For example, what happens if the void OSIXDemo() {printf("Hi from OSIXn");} function is copied to the stack, and control is passed to it? Since the address of printf has changed, this will most likely result an error!

In assembler, we can easily fix that by using register addressing. A relocatable call of the printf function may look simplistic, for example LEA EAX, printfNCALL EAX. Now the ABSOLUTE linear address, not a relative one, will be placed in the EAX register. Now it don't matter where it's called from, control will still be passed to printf.

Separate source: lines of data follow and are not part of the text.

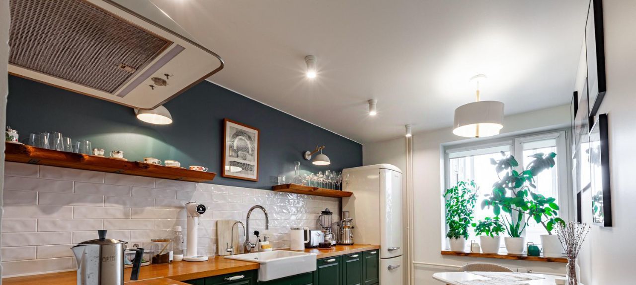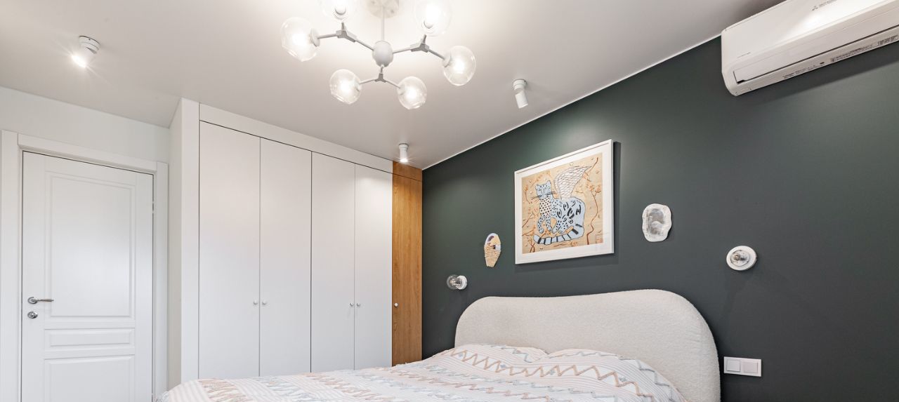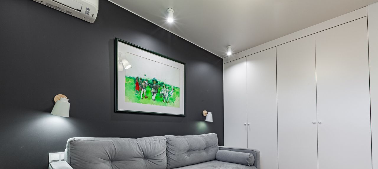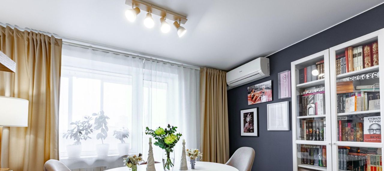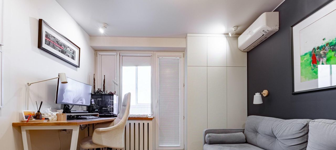 Весь кухонный блок остается в квартире (настенные полки и подоконник из массива карагача). Из квартиры вывозится только мягкая мебель, все остальное может быть оставлено, в том числе, часть техники. В каждой из жилых комнат есть выводы для установки кондиционеров.
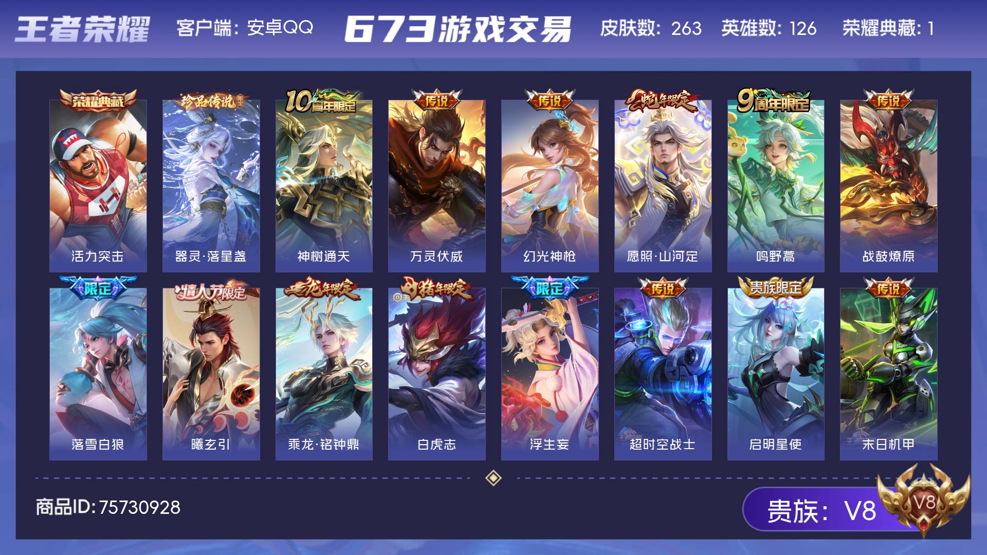V8 皮肤263 英雄126 荣耀王者 荣耀典藏1 珍品传说1 星传说2 传说28 其他皮肤238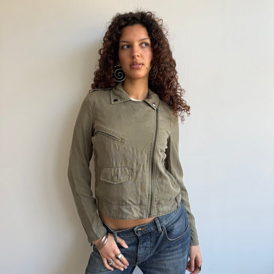 Khaki asymmetric moto jacket - Size S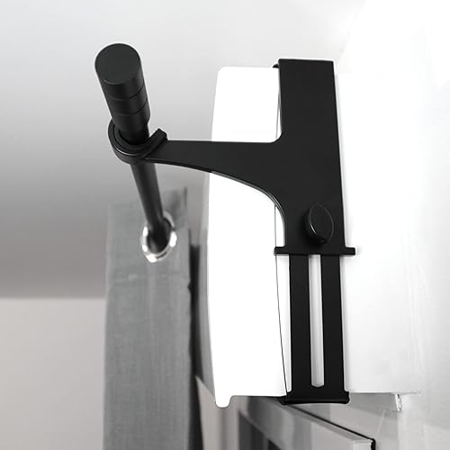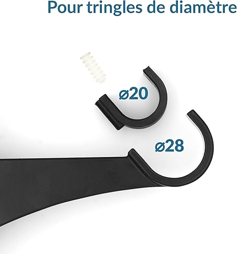Lot de 2 Supports de Tringle à Rideaux sans Perçage ni Collage - Fixation sur Coffre de Volet Roulant Hauteur 14 à 24cm - pour Tringle à Rideaux D20-28mm - Colori Noir Mat - Qualité Française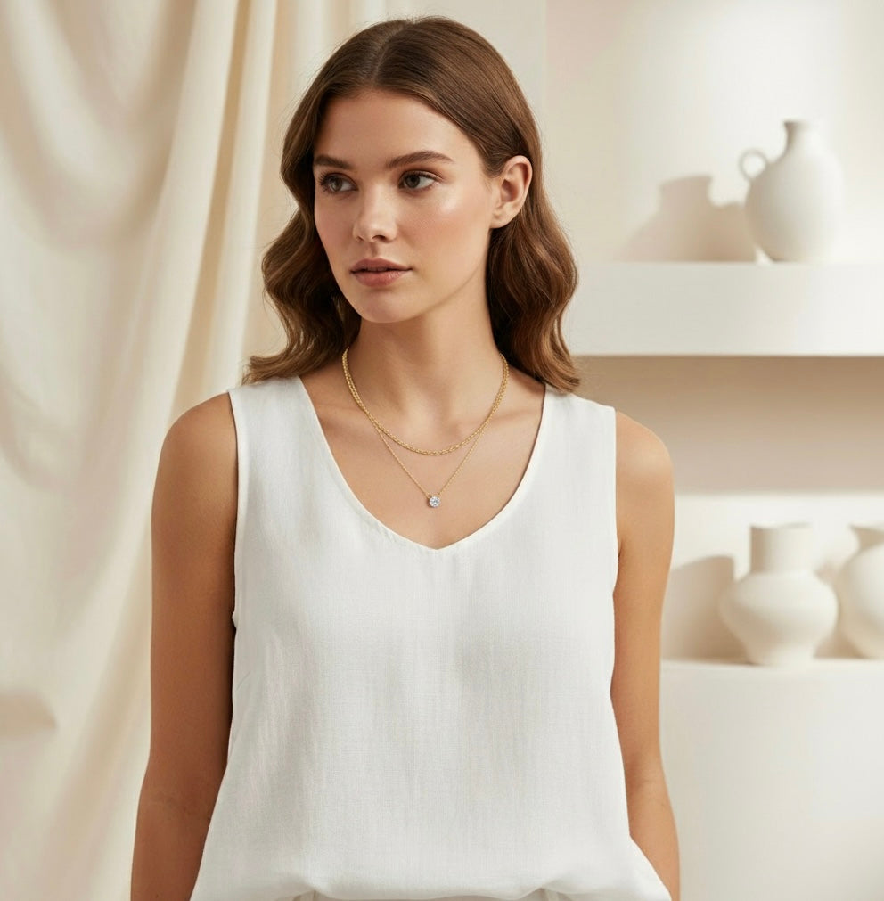 Chic and versatile, this layered gold necklace combines a twisted rope chain with a dainty chain featuring a sparkling crystal pendant. Perfect for adding instant elegance, it’s a stylish piece that works effortlessly with both casual and dressy looks.

Doing such things requires that your compiler support inline assembly. I know, this sucks if you're not interested in lower level instruction code, and it CAN be achieved using only high level languages. Here's a quick example:

Listing 2: How a Function Is Copied to and Executed in the Stack
________________________________________________________________

void Demo(int (*_printf) (const char *,...))
{
      _printf("Hello, OSIX!n");
      return;
}

int main(int argc, char* argv[])
{
      char buff[1000];
      int (*_printf) (const char *,...);
      int (*_main) (int, char **);
      void (*_Demo) (int (*) (const char *,...));
      _printf=printf;

      int func_len = (unsigned int) _main - (unsigned int) _Demo;
      for (int a=0; a<func_len; a++)
      buff[a] = ((char *) _Demo)[a];
      _Demo = (void (*) (int (*) (const char *,...))) &buff[0];

      _Demo(_printf);
      return 0;
}

________________________________________________________________

So don't let anyone tell you executing code on the stack is not possible using a high level language.

--------------------------------------
I got your optimization right here!
--------------------------------------
You will need to really think about what compiler you are going to use, and study some details regarding that compiler if you plan on using SMC or executing code on the stack. In most cases, the code of a function WILL FAIL on the first attempt when executing on the stack, especially if your compiler is set to "optimize".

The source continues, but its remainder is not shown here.